Let’s look at something else where I’ve noticed that ocr.space often struggle — catalogues.
So let’s check that first entry…
It was originally set in a very small point size, and letters have a tendency to grow into each other. Here’s what ocr.space makes of it all:
Look in the Comicooaks section for two Cerebus trade paperback collec- Vons, and the Comics/W811 Art section for a new Cerebus poster. CEREBUS #155 $2.25 B&W. SinyGemard Mohen & continues. Confusion reigns over wtwther Pope Cerebus hu re- turnd to redeem the dty if it is just agwtler illusion. More unexplaitwi phenomena per- plex les?s population. Grin coninues b plan for her asænsion. CEREBOS CHURCH &STATE $2.00
Yeah, that’s not good. “Sim/Gerhard” is “Sinygemard”, and “Cirin” is “Grin”, because keming is hard.
AARDVARK-VANAHEIM CHOINING Look in the Comics/Books section for two Cerebus trade paperback collec- tions, and the Comics/Wall Art section for a new Cerebus poster. CEREBUS #155 $2.25 B&W. Dave Sim/Gerhard Mothers & Daughters continues.
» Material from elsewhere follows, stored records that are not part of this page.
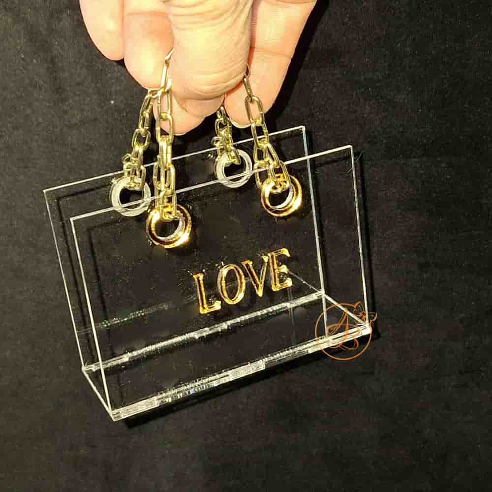 Poșetele plexiglass se livrează cu folie de protecție aplicată pe suprafața, precum și pe decorațiuni și textele realizate din oglindă acrilică.
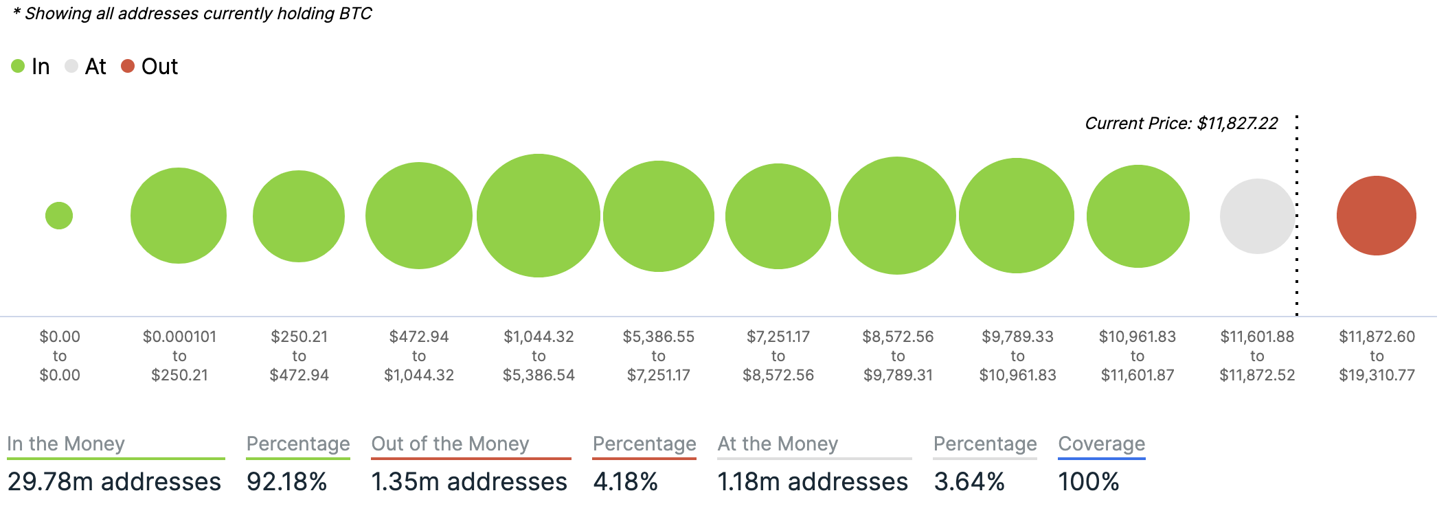 For any address with a balance of tokens, ITB identifies the average price (cost) at which those tokens were purchased and compares it with the current price. If the current price is higher than average cost, address is ‘In the Money’. If the current price is lower than the average cost, the address is ‘Out of the Money’.
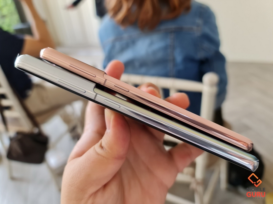 Samsung Galaxy S21 Ultra มาพร้อมดีไซน์แบบใหม่เรียกว่า Contour Cut ออกแบบขอบโลหะหุ้มรอบชุดกล้อง ตัดกับกระจกผิวด้าน ดูสวยงาม แต่โดยส่วนตัวผมชอบแนวทางของ Samsung Galaxy Note 20 Ultra มากกว่านะครับ มันดูมีความเป็น Unisex มากกว่า แวววาว ตัดกับโลหะ และฝาหลังผิวด้านๆ แต่อันนี้ก็แล้วแต่ความชอบเลยนะครับ
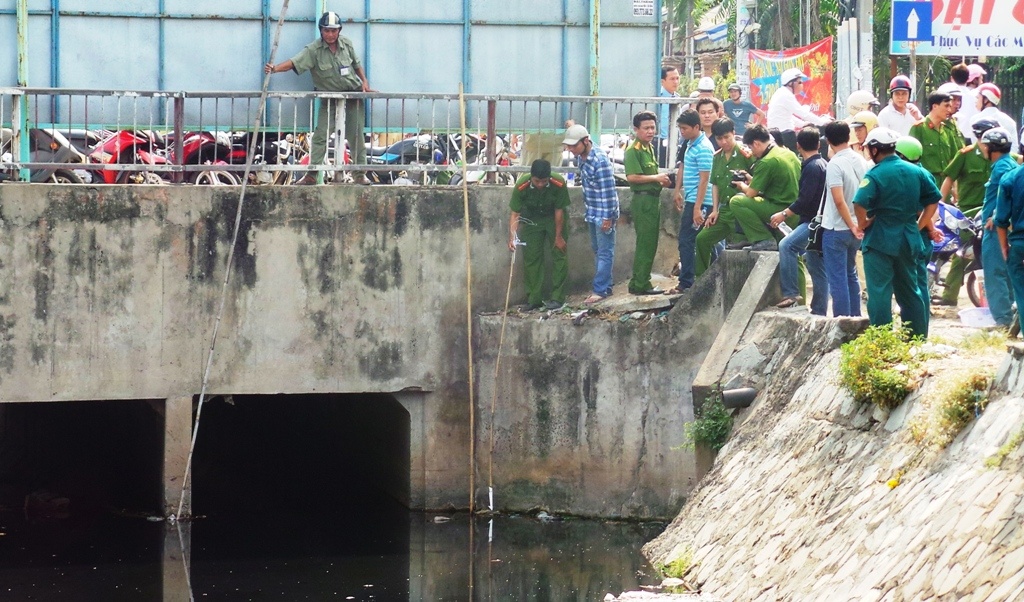 Hàng trăm người xem vớt cánh tay trôi dưới kênh ở Sài Gòn
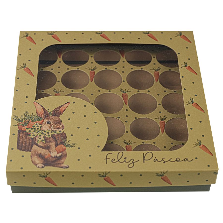 Caixas para Doces de Páscoa são uma ótima opção para presentear nessa páscoa, embalagens de páscoa lindas e únicas para presentear com estilo. A Caixa para Doces Kraft Elegance possui berço com 25 cavidades para acomodar os docinhos perfeitamente. É linda e pratica para presentear.A Páscoa é uma das tradições mais importantes do ano e a Rizzo preparou uma coleção incrível desde coelhos decorativos, cenouras, embalagens de páscoa e muito chocolate. Esse é um momento muito gostoso de reunião entre a família e amigos mais próximos para celebrar e compartilhar, e você não pode ficar de fora dessa.
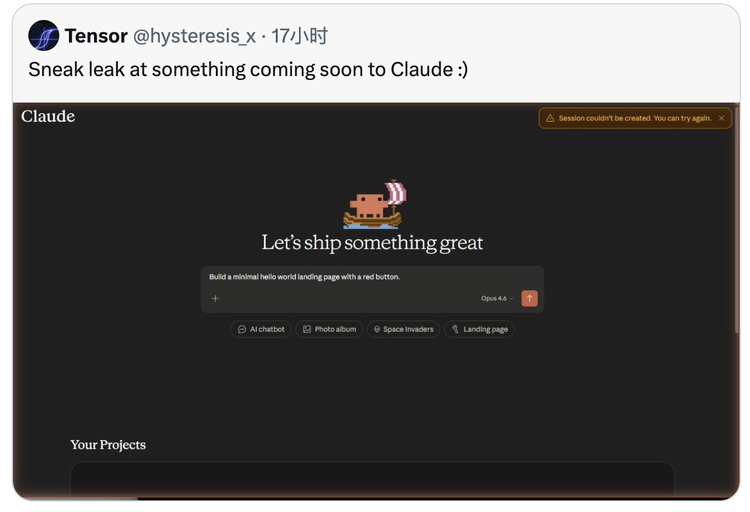 X 用户 @hysteresis_x 发布了一张尚未正式上线的 Claude 界面截图,配文:“带大家偷瞄一眼 Claude 马上要推出的新东西。”
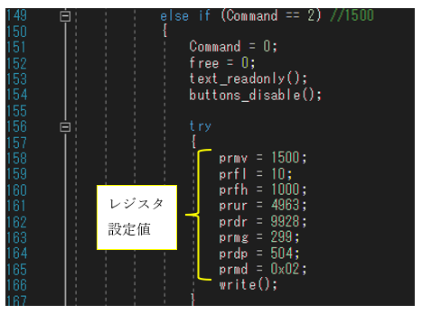 各レジスタ値は、「Form1.cs」の中に以下のように記述されています。
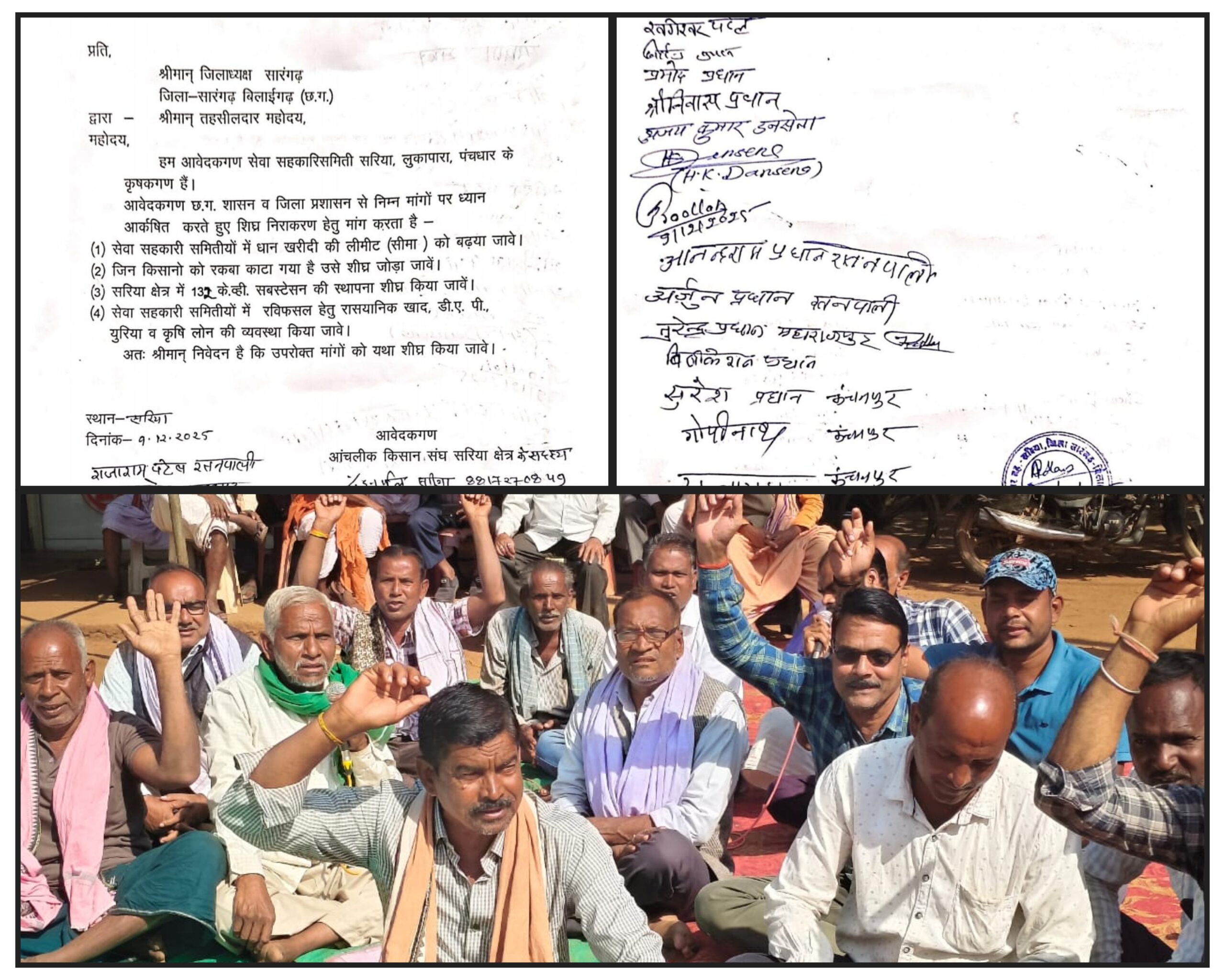 सारंगढ़-बिलाईगढ़।09/दिसंबर/2025=क्षेत्र का किसान आज त्राहि-त्राहि कर रहा है। धान खरीदी की लिमिट, कटे हुए रकबा,KCC रबी, खरीफ़,बिजली संकट और खेती के लिए जरूरी रासायनिक खाद की भारी किल्लत—इन तमाम समस्याओं को लेकर सरिया, लुकापारा और पचधारा क्षेत्र के किसानों का गुस्सा अब फूट पड़ा है। अंचलिक किसान संघ सरिया क्षेत्र के किसानों ने इन गंभीर समस्याओं को लेकर जिला प्रशासन को ज्ञापन सौंपते हुए स्पष्ट शब्दों में चेताया है कि अगर शीघ्र समाधान नहीं हुआ तो आने वाले दिनों में बड़ा आंदोलन किया जाएगा।
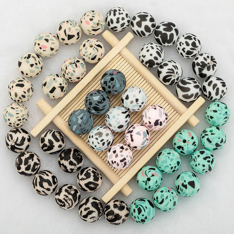 TYRY.HU силиконовые бусины 16 шт. без бисфенола А 1215 мм, леопардо...
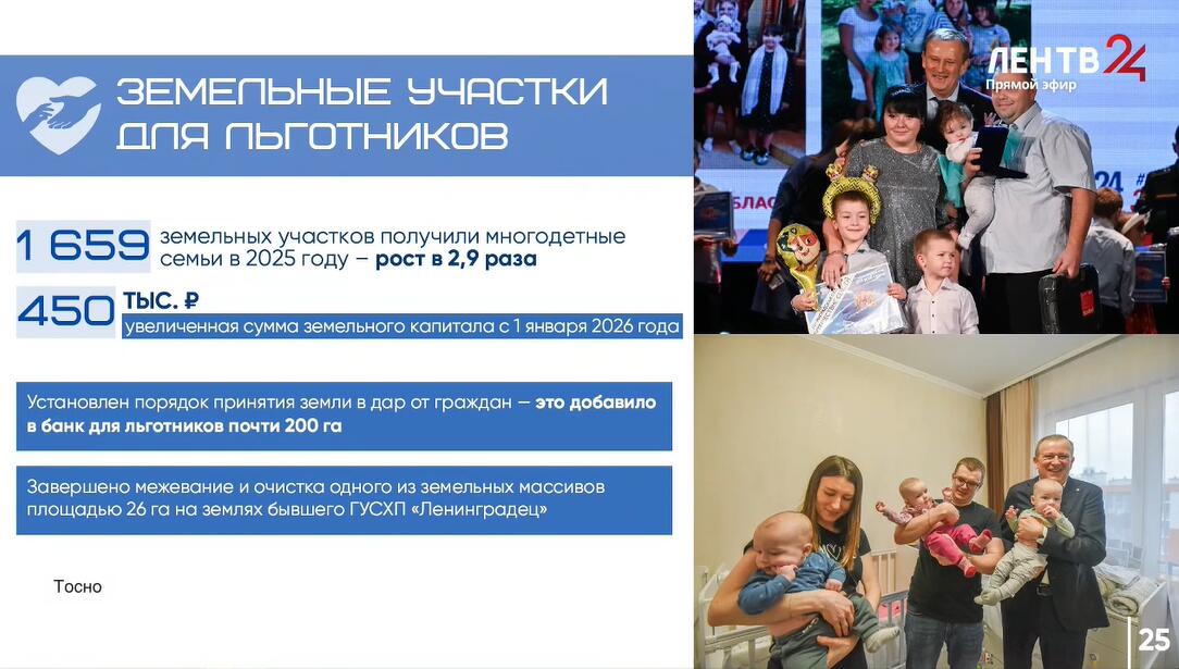 В Тосно 15 апреля губернатор Ленинградской области Александр Дрозденко представил отчет о работе регионального правительства за 2025 год. В ходе выступления он рассказал о выполнении одного из шагов программы «10 шагов к мечте», связанного с обеспечением льготников земельными участками.
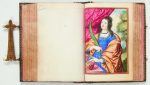 Manuscrit petit in-12 (104 x 72 mm) de (8) ff. blancs, 1 planche d'armoiries sur peau de vélin, 1 encadrement ornemental peint sur peau de vélin, 49 pp. de prières, (154) ff. blancs, 10 peintures sur peau de vélin: galuchat noir, dos lisse encadré d'un triple filet doré avec hermine dorée au centre, double encadrement d'un triple filet doré avec hermines dorées aux angles et au centre sur les plats, doublures de maroquin gris-vert entièrement décorées d'une dorure au pointillé avec un motif central quadrilobé enfermant une hermine dorée, doubles gardes de papier teint en rouge, tranches peintes, dorées et ciselées, fermoir en or en forme d'hermine ornée d'une peinture sur émail représentant Marie Madeleine au pied de la croix avec prière gravée au verso (reliure de l' époque).
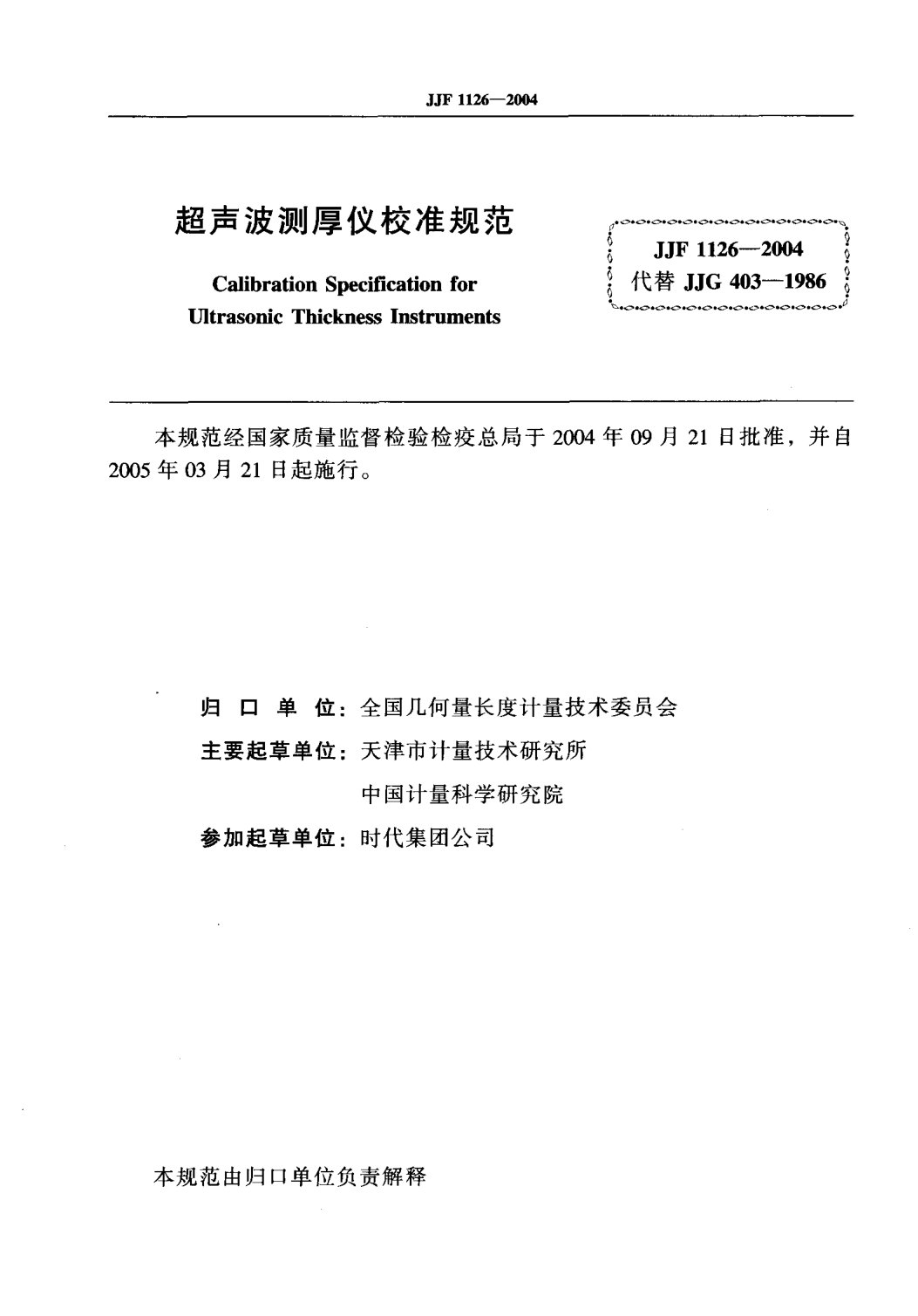 JJF1126-2004超聲波測厚儀校準規(guī)范
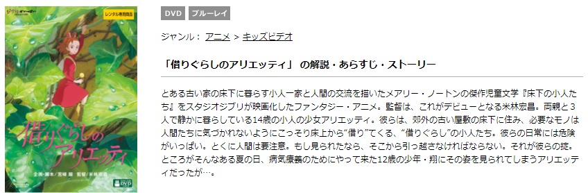 ツタヤディスカスなら映画「借りぐらしのアリエッティ」をフル視聴できます!
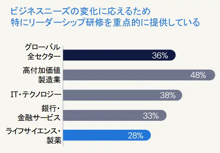 ライフサイエンス・製薬業界はスキル・ファーストモデルへの移行を積極的に進めており、リーダーの82%がすでに移行済み、または移行中であると回答しています。これは急速な技術革新に対応するために、職務経験よりも潜在能力を重視する姿勢を反映しています。このように、人事部門はスキル・ベースの考え方を取り入れているものの、現場の管理職は特定の職務や役割に固執している傾向が見られ、このギャップは世界平均を13ポイント上回る43%に達しています。さらにビジネスニーズの変化に対応するためのリーダーシップ研修を重点的に提供している企業はわずか28%に留まり、これは世界平均の36%を下回る最も低い数値です。 |
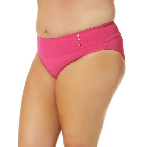 Time and Tru Women's Mid Rise Button Front Bikini Bottoms Pink Size 1X(16W-18W)
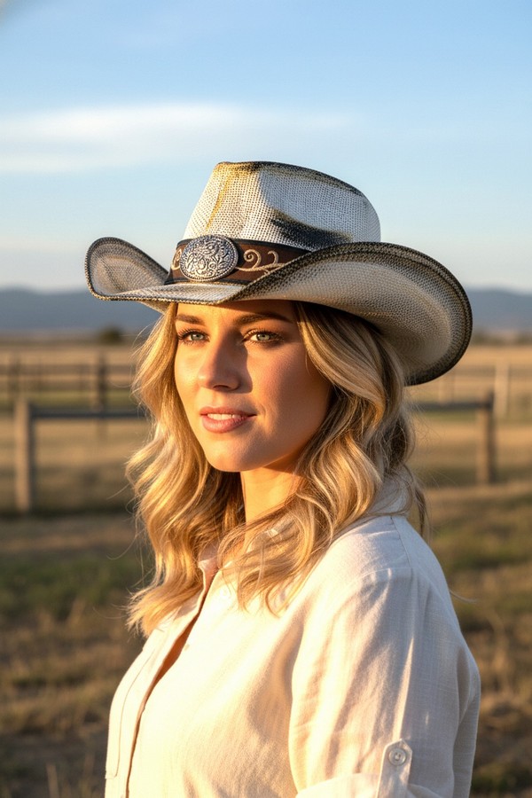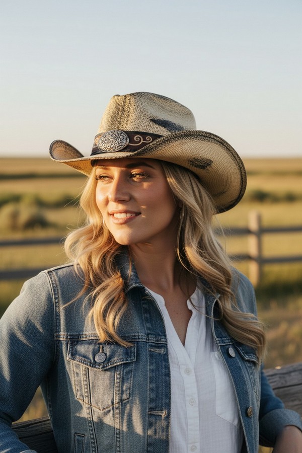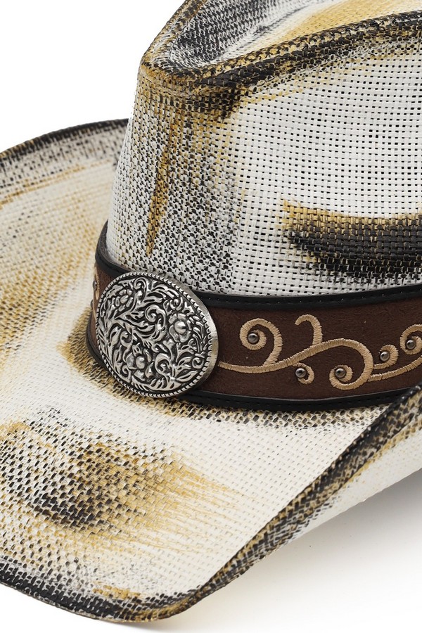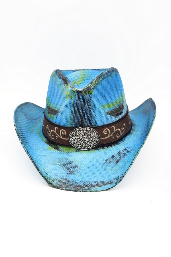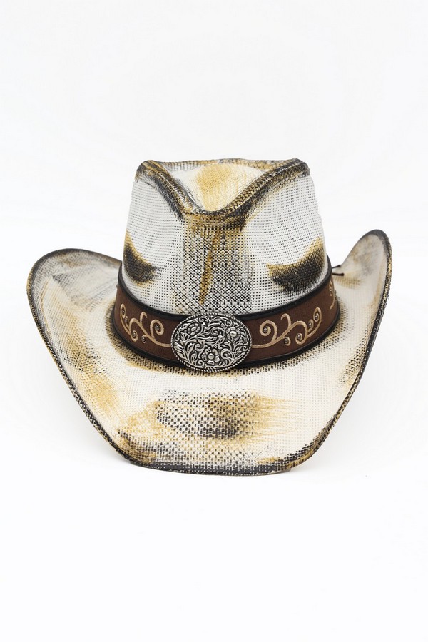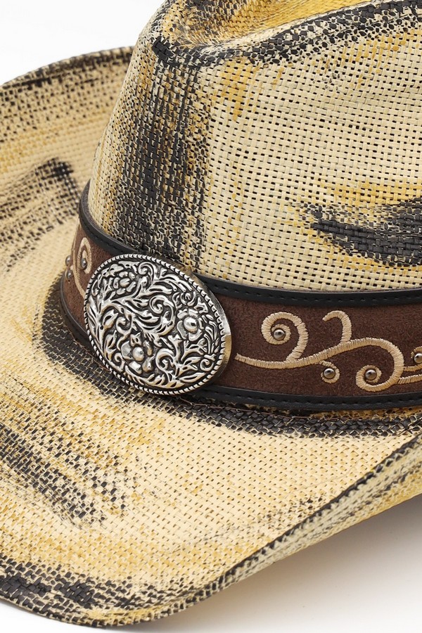 - * This is the Antique Wash Straw Cowboy Hat With Ornate Oval Buckle Faux Leather Band from H&D Accessories, a textured antique-washed straw hat adorned with a faux leather band featuring an intricate oval buckle, paired with curved decorative patterns along the strap. It’s perfect for a vintage western-themed outing—you can wear it while browsing a flea market or attending a casual outdoor art fair, with the ornate buckle and detailed band bringing a timeless, rustic flair to your outfit. It also works well for a daytime picnic in a park, merging its relaxed antique-wash silhouette with the elaborate decorative elements for a stylish, sun-protective accessory that fits laid-back weekend moments.

Confusion reigns over whether Pope Cerebus has re- turned to redeem the city or if it is just another illusion. More unexplained phenomena per- plex lest's population. Cirin continues to plan for her ascension. CEREBUS CHURCH & STATE #26 $2.00
I think everything there is correct, except that “Iest” has become “lest”. (“Iest” is a city name in Cerebus, but I don’t think you can really blame surya here for getting that wrong, since they two things are identical in this font.)
So — it’s pretty good? And much better than it was — ocr.space is basically useless on a catalogue like this.
(Misunderstand me correctly — I don’t want to dump on ocr.space here. It’s pretty good — it has (I’m guesstimating) a correctness rate of over 90% usually; it’s just that catalogues like this are hard.)
I wondered how warm the card was going to get. Here’s after it’s been OCR-ing a whole bunch of magazines. That’s not bad.
I’m a bit surprised at how quiet the GPU fan is. That is, it’s not “quiet”, but instead of the high-pitched noise I was expecting, it’s more of a pleasant “whoosh” sound. Fans have gotten better, I guess…
And the cable isn’t melting! Which is a pretty important detail.
Anyway, surya is chugging away, and will be working for two or three weeks, but I wondered whether there were any other good LLM-powered OCR things out there, and Google points me to PaddleOCR.
Let’s test:
Eh… doesn’t anybody look at console output anymore? Anyway, paddleocr takes 35 seconds on my test page, which is 10x (or more) than surya, so that seems like a no go.
So there you go — in a couple weeks time, the search results on kwakk.info will be somewhat more accurate, I think.
Was it worth it? Well… what I’ve paid to ocr.space for using their API over the years is probably about half of what I paid for this graphics card. So, er, no. But it feels better, eh? One less API subscription is one less API subscription, and it’s fun to have this in-house. It would have made more sense just to rent some VMs with GPUs, especially since my use case is so bursty, but meh. I just can’t be bothered.
Perhaps I can use the GPU for something else, too, although I have no idea what.